Suppose I have multiple files in different sub-directories with names like 20060630 AD8,11 +1015.WAV
and 20050508_Natoa_Enc1_AD5AK_1.WAV
. Now I know that all these files will have a substring like AD
(in the first file) and AD
, AK
(in the second). There are total 16 of these classes (AD
, AK
, AN
etc) that I've made as empty folders in the top level directory.
I want to copy all these files according to the substrings matched into their respective directory.
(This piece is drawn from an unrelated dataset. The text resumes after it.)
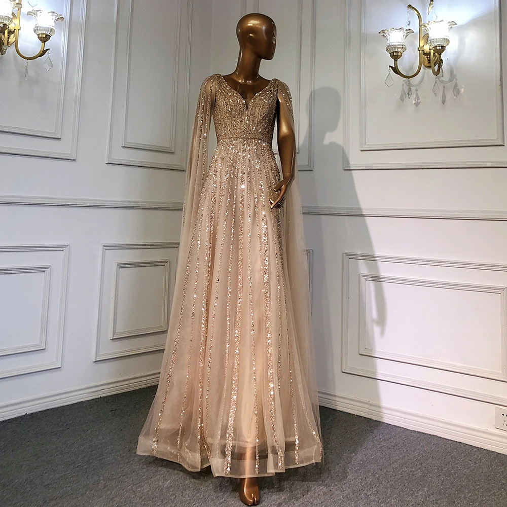 Serene Hill Nude Arabic Luxury Cape Sleeves Evening Dresses Gowns A-Line Beaded Sexy 2022 For Women Party LA71567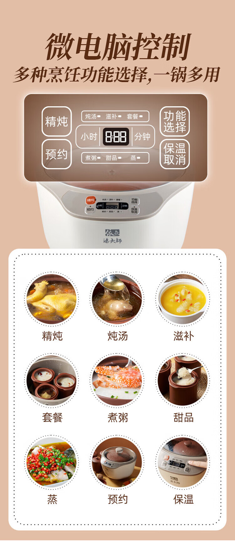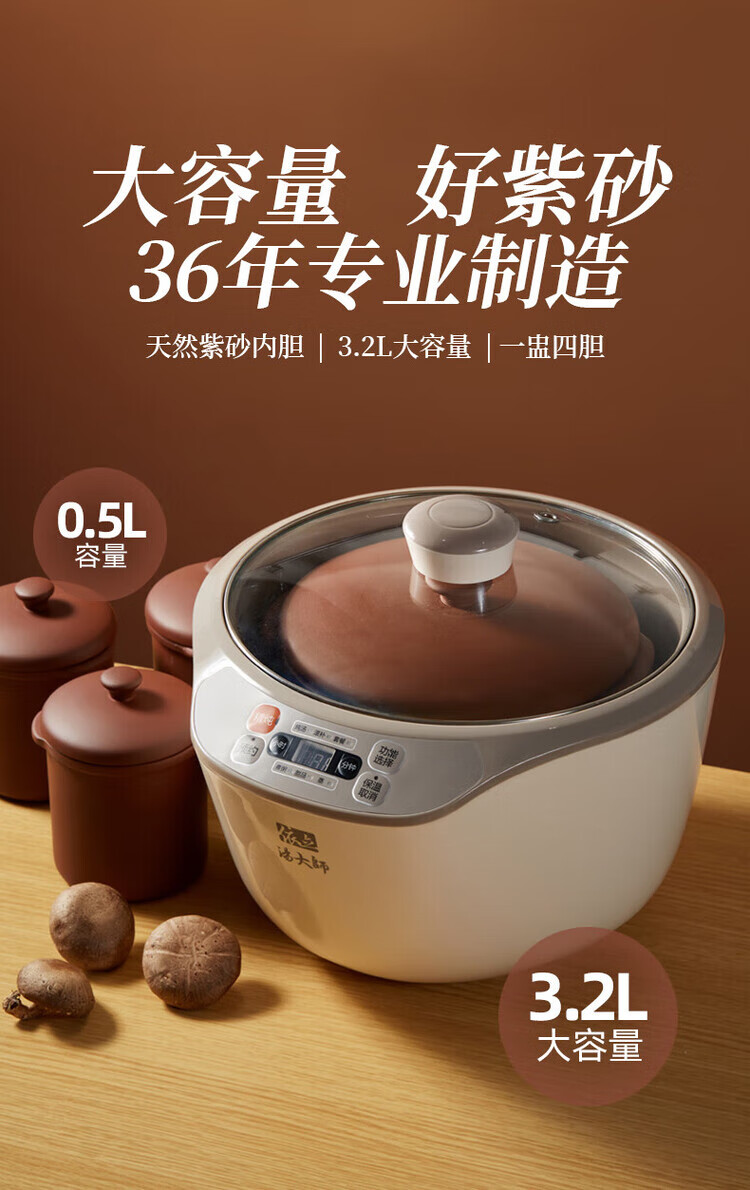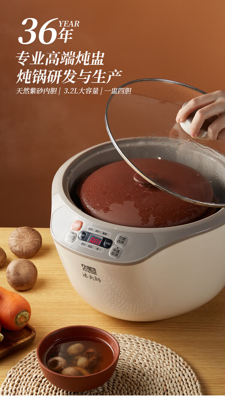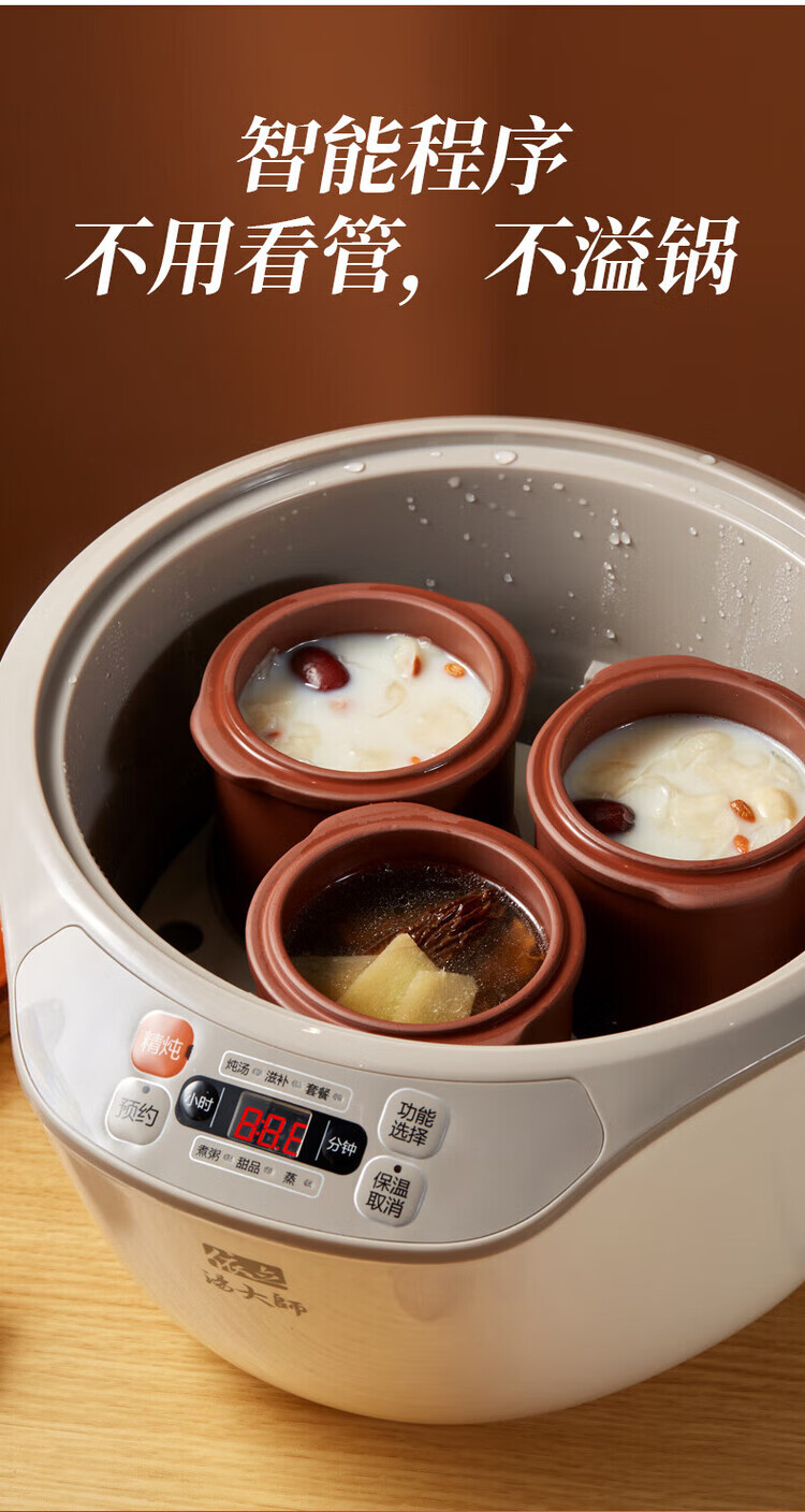 Yili electric stew pot, electric stew pot, stew pot, 4-person household water-proof stew pot, electric casserole, purple casserole, porridge pot, stew rice, health artifact, scheduled time, one pot, 4 gallbladders, 3.2L DZ32-1 3.2L *2-4 people

Now using gsutil
, the commands may come like:
gsutil cp gs://bucket/Field/2005/20060630 AD8,11 +1015.WAV gs://bucket/AD/20060630 AD8,11 +1015.WAV
How can this approach work for automating the task for thousands of files in the same bucket?
Is it safe to assume an approach like:
if 'AD' in filename:
gsutil cp gs://bucket/<filename> gs://bucket/AD/<filename>
elif 'AK' in filename:
gsutil cp gs://bucket/<filename> gs://bucket/AK/<filename>
You can write an easy BASH script for this. The code would be pretty simple since gsutil supports wildcards and it can recursively dive into sub-directories to find your files.
#!/bin/bash
bucket_name=my-example-bucket
substring_list=(
AD
AK
AN
)
for substring in "${substring_list[@]}"; do
gsutil cp gs://$bucket_name/**/*$substring* gs://$bucket_name/$substring/
done
I also see that you have some Python experience, so you could alternatively leverage the Python Client for Google Cloud Storage along with a similar wildcard strategy.